* EXERCISE *
Output exactly, in the material below, the lines from the one with "Kaviaar van groene" through the one with "FRAGMENT - Calcio". Omit all pictures.

***** DATA SUPPLIED

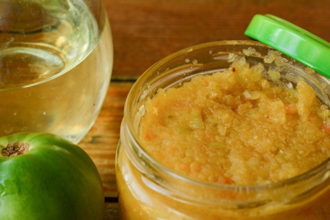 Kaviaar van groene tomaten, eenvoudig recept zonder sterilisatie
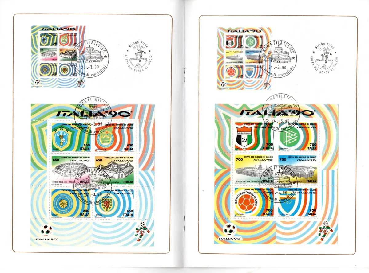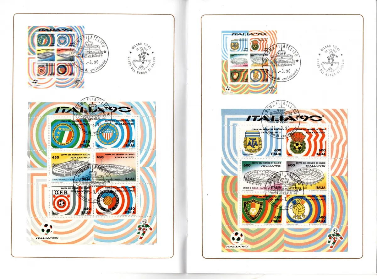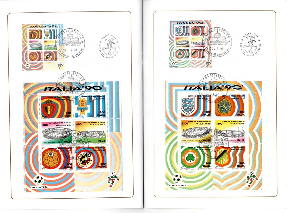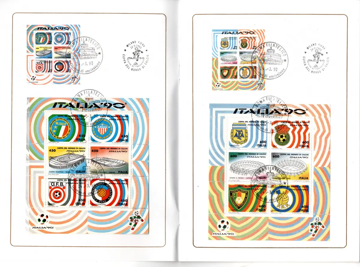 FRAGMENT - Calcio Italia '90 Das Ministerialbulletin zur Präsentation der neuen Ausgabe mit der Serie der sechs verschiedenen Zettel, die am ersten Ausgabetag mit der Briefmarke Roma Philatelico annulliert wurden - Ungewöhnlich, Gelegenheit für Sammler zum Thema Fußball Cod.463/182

**********
***** DATA SUPPLIED

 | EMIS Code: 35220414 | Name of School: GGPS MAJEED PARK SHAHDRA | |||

**********
***** DATA SUPPLIED

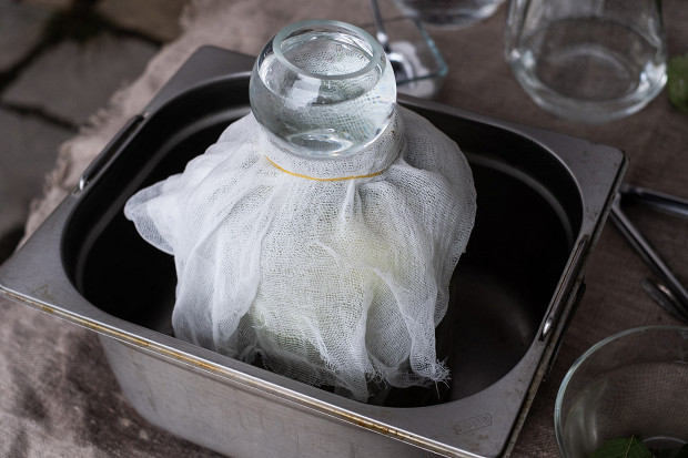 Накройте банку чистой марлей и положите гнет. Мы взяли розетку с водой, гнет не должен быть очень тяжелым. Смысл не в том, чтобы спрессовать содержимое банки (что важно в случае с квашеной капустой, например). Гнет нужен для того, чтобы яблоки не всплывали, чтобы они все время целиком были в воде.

**********

* YOUR SOLUTION *
 Kaviaar van groene tomaten, eenvoudig recept zonder sterilisatie
 FRAGMENT - Calcio Italia '90 Das Ministerialbulletin zur Präsentation der neuen Ausgabe mit der Serie der sechs verschiedenen Zettel, die am ersten Ausgabetag mit der Briefmarke Roma Philatelico annulliert wurden - Ungewöhnlich, Gelegenheit für Sammler zum Thema Fußball Cod.463/182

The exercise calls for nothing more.